Now here's an illustration that's long been a favorite of mine. The kid acts up in school, he's over-active, they say. They give the kid a med, you learn that the med is classified as a "stimulant," you go whoa! You're trying to calm the kid down, a stimulant is the last thing you should give him. Wrong: the stimulant tried by the staff stimulates the kid's activity repressor: it's the kid's natural depressive system that stimulated. Paradox? Only superficially. The logic is complex, but not illogical. That's Creatura, Sentiens: the universe of life.

But, I repeat: we think we live in Pleroma. We think that causes are as simple as lining up the 8-ball. We all do it. I do it.

Ferinstance, if you've read around pk enough surely you've seen his iterations of his identification with Jesus, the martyred god, with Galileo, the martyred genius .... The more so since my arrest in 2006. Still, it was not new thinking. I've identified with Jesus since childhood, and so do all Christians, even if not to the extent I do (or with the manifest justification!)

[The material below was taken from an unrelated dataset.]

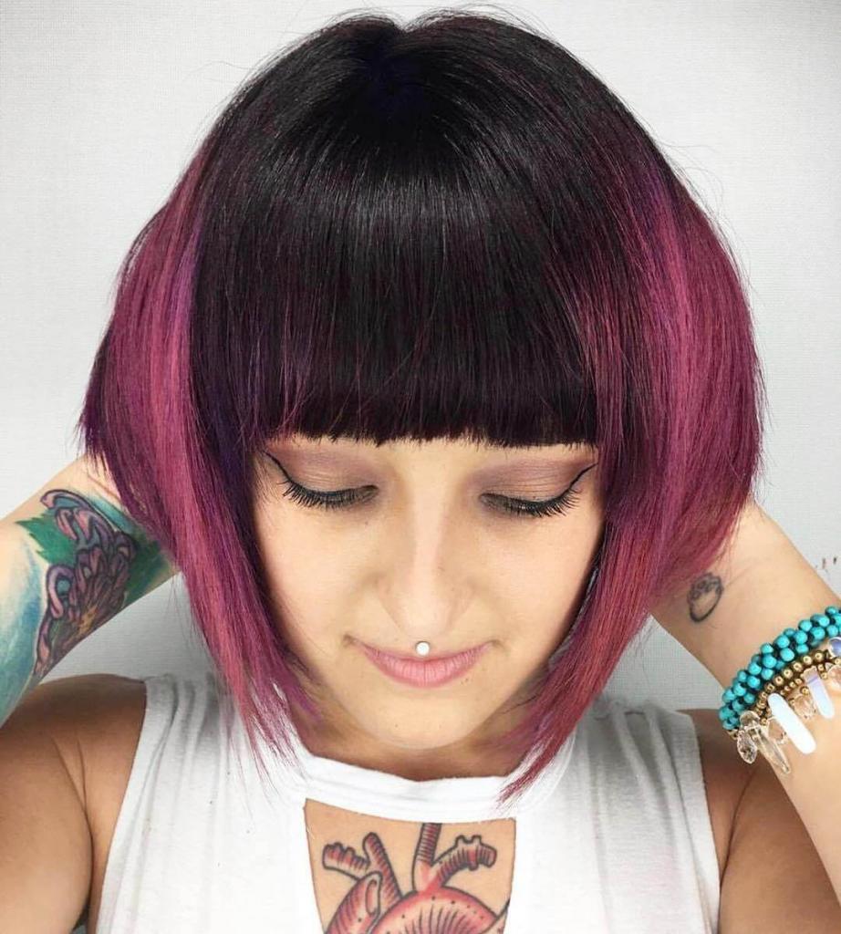 Также такой способ колорирования приглянулся работникам деловой сферы, где дресс-код не позволяет выражать свой внутренний мир через одежду, прическу и макияж. Зато в свободное от работы время они могут выражать свою индивидуальность как хотят.. Скрытое окрашивание у лица у висков — интересное решение.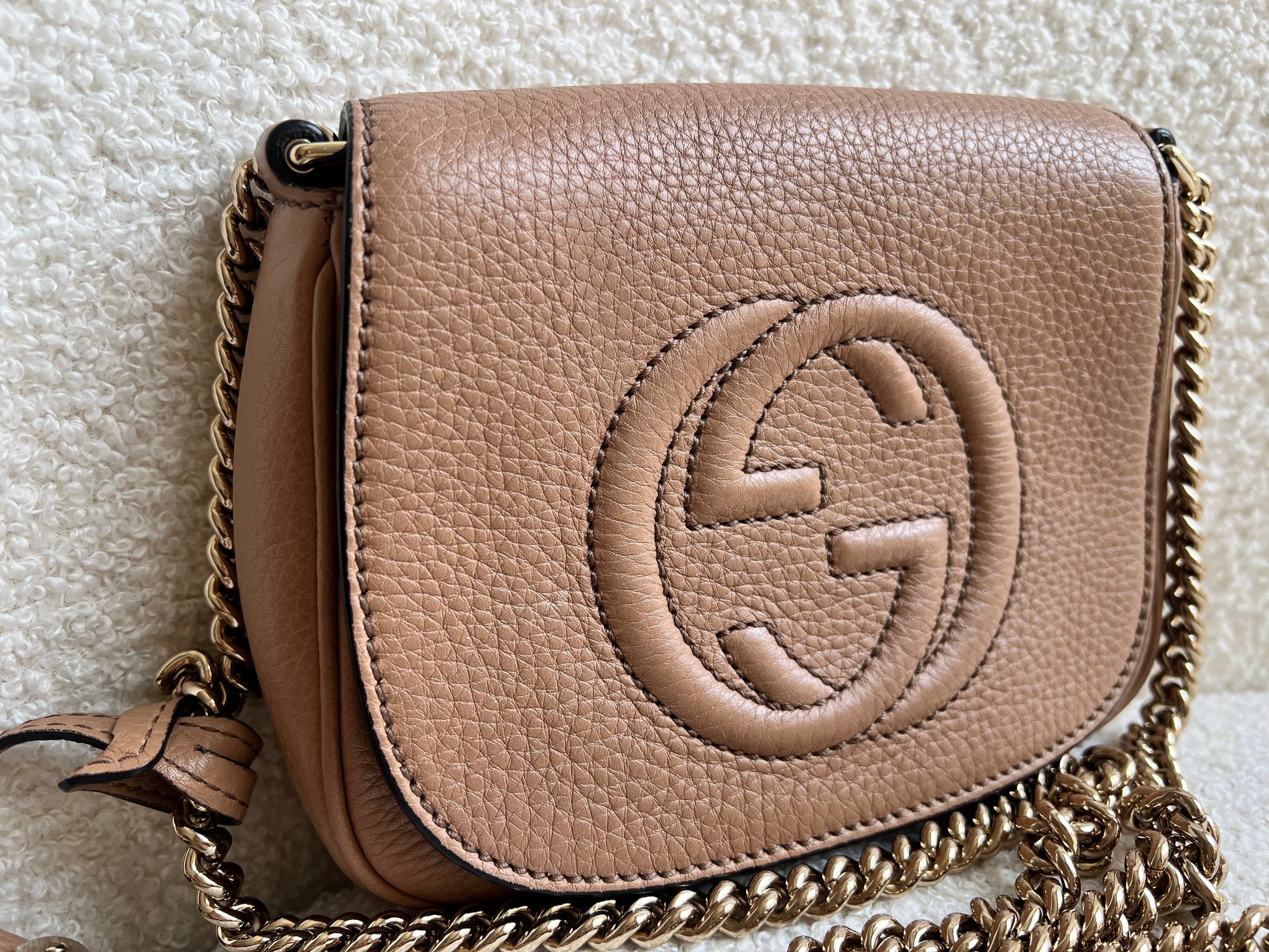 Gucci Rose Beige Mini Soho Chain Crossbody Flap Bag

But dig this: in pk thinking, Christianity itself, Jesus himself, is subject to the same simplifications, the same vanities. God made man in God's image, a vain, self-maximizing fragment of consciousness.

I offered the world Illichian social networking in 1970 when I joined Illich's deschooling ideas to found the Free Learning Exchange. Cybernetic data basing, digital record keeping, in a public institution Not Controlled by Government! might allow humans to realize some of the social implications of Christianity, help us live together convivially, without the arrogance and interference of imperial kleptocracy. There, see? I think of myself as a cause! Well, of course I am a cause, and so are we all. But what is being caused is very complex: maybe there's an 8-ball involved and a cue ball, and maybe also an earthquake, and the table disintegrating.

When I invented the internet I was very much aware, and have routinely said, that "my" ideas had been floating around me for a decade at least, 1960ish: so much flotsam and jetsam. Now here's me, flotsam floating around amid jetsam. I encounter Illich, himself a jetsam floating around amid flotsam. He refers to Jesus in a way I resonate with, though I see Jesus as also so much flotsam floating around amid so much jetsam: in a world where Augustus Caesar, himself a Sargasso sea of flotsam and jetsam, was deluding himself that he could take 8-ball-in-the-side-pocket control of the world! Augustus influenced the world. So did Jesus. So do I, and you. So does the catatonic institutionalized in a box hosed out every other day by someone without a green card who the moment before stole the hearing aid from some old lady in the same facility.

Now here's the United States, stealing everything that is or isn't nailed down, paying royalties to those perceived as powerful and stomping extra hard on those perceived to be defenseless, deaf, and not accidentally, to my claims that it's my ideas that were stolen.

This is familiar. This is the universe of life, subset Sentiens, complicated by politics: the state of people organized for leverage, bossing people down-tide of them. I don't claim to understand it all: what I claim is that the Augustus Caesars, the Hitlers, the Nixons, don't understand it, understand if far less well than I do, but lack the humility to admit it, as well as the intelligence to understand it half as well as I do: and too stupid to see that it's they who are helping to disintegrate the table!

The majority is always smarter than some minority, but also less smart, far less, than some other minority.

I like to trust that god is smart, but fear that he too, at least the capitalized one, God, is so much flotsam. So instead, these days, I just trust that the 8-ball is going where we actually sent it, never mind where we meant to send it.


Bateson's cosmology of Pleroma and Creatura I report on and developed further (Sentiens ...) at Macroinformation.org. That domain got destroyed, is still down, but some material is being restored (and further explored) at my Macroinformation blog. (Same host as IonaArc.)